Labels Translation in Prodigy UI

Hi,
I would like to know if its possible to edit the prodigy UI. So what I want to do is translate the labels only in the UI while keeping the label as it is in the backend. For example, I have 2 labels person and location. In the UI, I want them to appear as translated to a specific language but in the dataset, they will appear as person and location. Do you think that's possible?

Thanks

Hi! There's no built-in feature for this at the moment but I'll put this on my list of enhancements because it could be a cool feature to have :blush:

There are different workarounds I can think of, depending on your use case:

If your main goal is to provide more information about the labels, you could use the annotation instructions to provide a table of labels and translations, and maybe even additional information (like how you define the label): https://prodi.gy/docs/api-web-app#instructions

Alternatively, you could just use the translated labels and then have a post-process that replaces them with the unified label that you want to use for training later. It's one extra step, but it's a relatively simple search & replace that you can easily do programmatically.

2 Likes

I did use the instructions and will probably just use the translated labels. It will be really cool to see it in the future, thank you alot for your time :smiley:

1 Like

Hi, Ines.

This feature is very nice, but it seems that Japanese is not yet supported.
Can you please consider supporting Japanese?
Also, please let me know when it will be available,
and if there is a way to customize it for unsupported languages.
Please let me know.

By the translation feature, do you mean the ui_lang that translates the interface? If so, that's currently built in and we don't yet have a feature for changing it manually.

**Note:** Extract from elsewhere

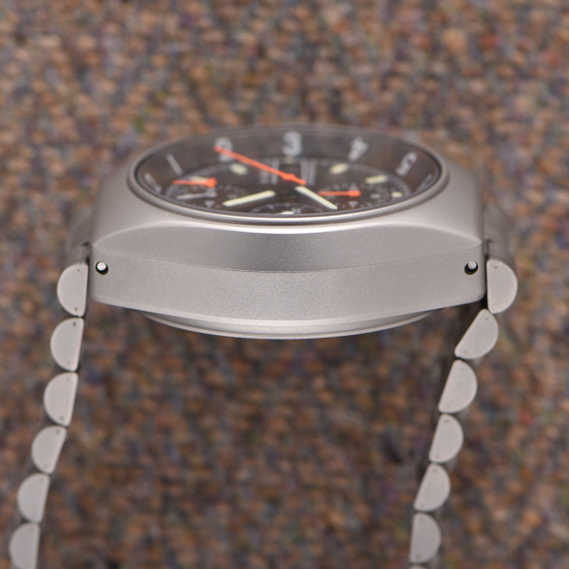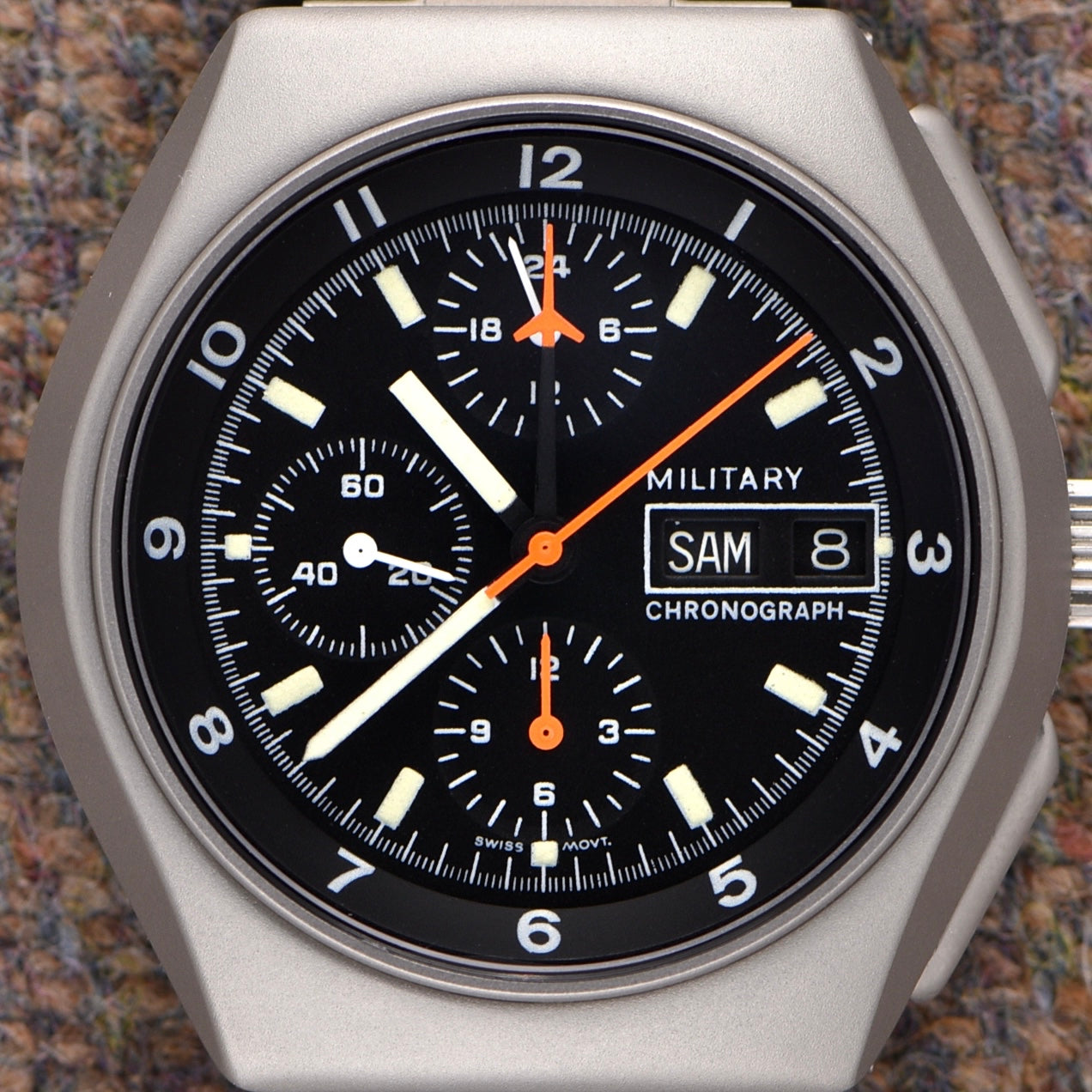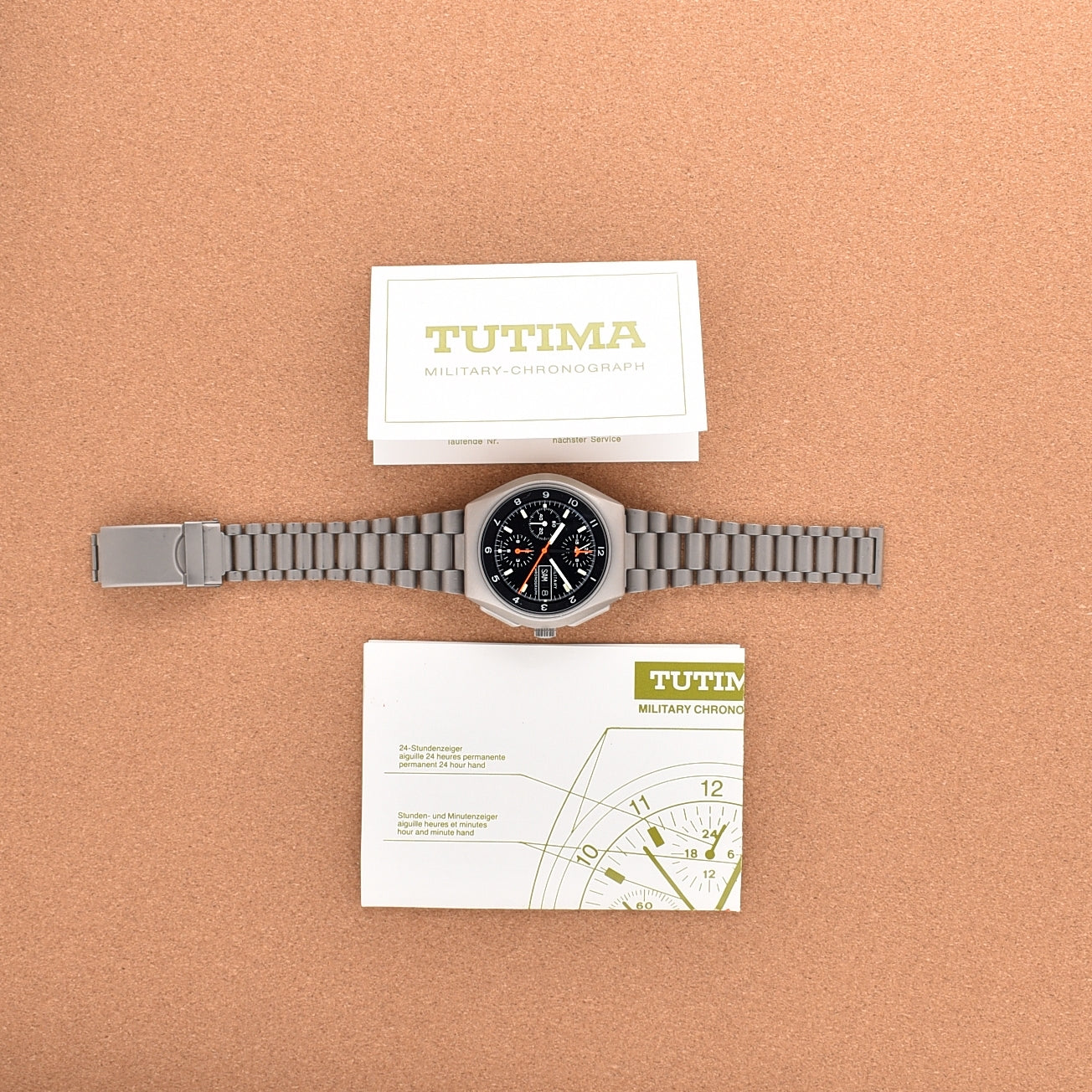 In 1983, Tutima won a contract with the German Air Force and began working on the NATO, famously using the Lemania 5100 as the base caliber. The NATO was launched two years later and formed the basis of Tutima's Military line. The Military chronograph has been available in various configurations during the intervening years, including with and without rotating bezel, various inner bezel markings, with gold bezel and center bracelet links, and in a unique "Commando" form featuring only one sub-dial, the 12-hour totalizer.

That said, if you're interested in helping out and contributing a Japanese translation, I've posted the relevant strings to be translated here:

All we need is the translated JSON and then I'd be very happy to include Japanese in the next release :slight_smile:

Hi Ines,

Thanks for the quick reply!
I may be misunderstanding, but is it correct that this can also translate the labels detected by Spacy?

For example, in the English View live demo, I can select "person" and "org" as labels, but I want to translate them into Japanese "人名" and "組織".

Thank you for your time.

Ah, in that case, you could just use one of the two solutions I posted above, depending on your use case:

If you want to actually show the translated labels, you could add a wrapper like this at the end of your recipe (e.g. ner.correct) that translates all span labels in the stream using a translation map:

TRANSLATIONS = {
    "PERSON": "人名", 
    "ORG": "組織",
    # ...
}

def translate_span_labels(stream):
    for eg in stream:
        for span in eg.get("spans", []):
            # Replace label with translation and default to original label
            span["label"] = TRANSLATIONS.get(span["label"], span["label"])
        yield eg

# At the end of your recipe
stream = translate_span_labels(stream)

Just keep in mind that if you want to update an existing models trained with labels like PERSON and ORG, you'll need a post-process that replaces the Japanese labels with the English labels again before you train. After all, the labels are just IDs so as far as the model is concerned, 人名 and PERSON are two different labels.